After Champagne on Thursday evening, you can wake up and stumble over to Phi Delta Alpha’s celebration of spring. On Friday afternoon, students of all classes and shades of pastel will be gathered at the Block Party on Phi Delt’s lawn to celebrate the start of Dartmouth’s best weekend of the year: Green Key. “Green Key is the biggest weekend of the Greek weekends because all of the other big weekends have some sort of tradition behind them, but the Green Key tradition is just partying,” said former Phi Delt social chair Dan Bernhard.

Webster Avenue will be shut down Friday morning in preparation for the flocks of students and alumni whowill congregate at Phi Delt’s Block Party to hangout in the sun and enjoy the live music emanating from the front lawn. Throngs of red-eyed students, tired from their second wave of midterms, will don their favorite sundresses or salmon shorts and head to the Big White Funhouse to join in the daytime festivities. “Basically, we’ll listen to good music, provide everyone with water so that they stay hydrated, and hang out,” said Bernhard.

This year, the Block Party will feature two bands hailing from Providence and Chicago. The Clyde Lawrence Band, led by Brown University sophomore Clyde Lawrence, will return to Hanover to open the Block Party’s live music acts for the second consecutive year. Last year, the band delighted the crowds on Webster Avenue with its piano-based, blues-inspired alternative rock, which included groovy covers of songs like “Ignition” and “Toxic,” as well as the band’s own feel good originals.

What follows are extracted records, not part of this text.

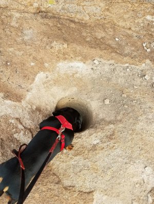 We also found several grinding holes in the Rocks where the women used to grind nuts and grains. Dexter enjoyed investigating these holes!
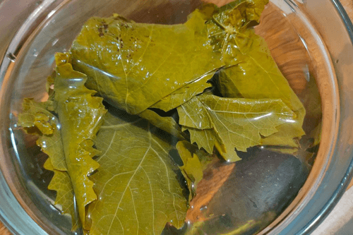 Виноградные листья достать из рассола.
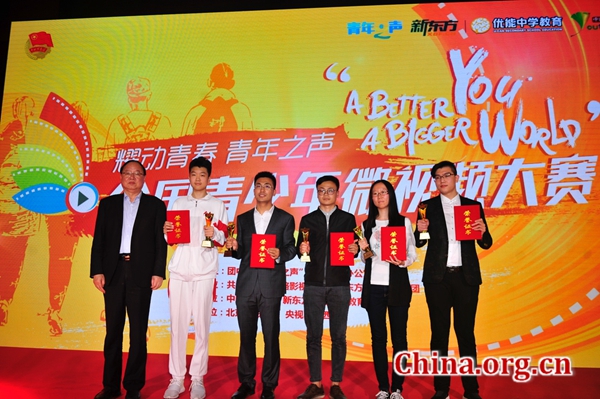中国网5月9日讯 5月7日,“耀动青春·青年之声”全国青少年微视频大赛颁奖典礼暨第二届大赛启动仪式在北京电影学院举行。来自全国各地的近百名获奖选手与剧组成员欢聚一堂,斩获28项大奖。新东方教育科技集团董事长俞敏洪特邀出席活动,与获奖团队主创代表共赴红毯,表示新东方将举全力帮助、支持青少年无边界成长,鼓励青少年用微视频抓住人心,记录自我成长与社会现状,以正能量为风向标,用镜头展现个人与新时代的青春风貌,推动社会进步。

Following The Clyde Lawrence Band, the Chicago-based JC Brooks & the Uptown Sound will take the stage. An indie soul band that has described itself as “Otis Redding fronting the Stooges,” they skillfully blend JC Brook’s soulful vocals with instrumentals reminiscent of Velvet Underground. The band’s music video for “Rouse Yourself,” an original song released on their 2013 album “Howl,” stars actors Aubrey Plaza and Jake Johnson, best known for portraying April Ludgate in Parks and Recreation and Nick Miller in New Girl, respectively. The groovy tunes set forth by JC Brooks & the Uptown Sound will challenge even the most sober partygoer to resist dancing.

The Phi Delt Block Party provides a unique opportunity to listen to great music and party outdoors “because Dartmouth doesn’t have very many live music events in the Greek culture,” said former Phi Delt social chair Matt Vetter. “You can listen to bands that you wouldn’t normally hear at a unique venue.” 

Be safe, hang out, and make sure to stay hydrated. You wouldn’t want to miss Green Key due to sunstroke.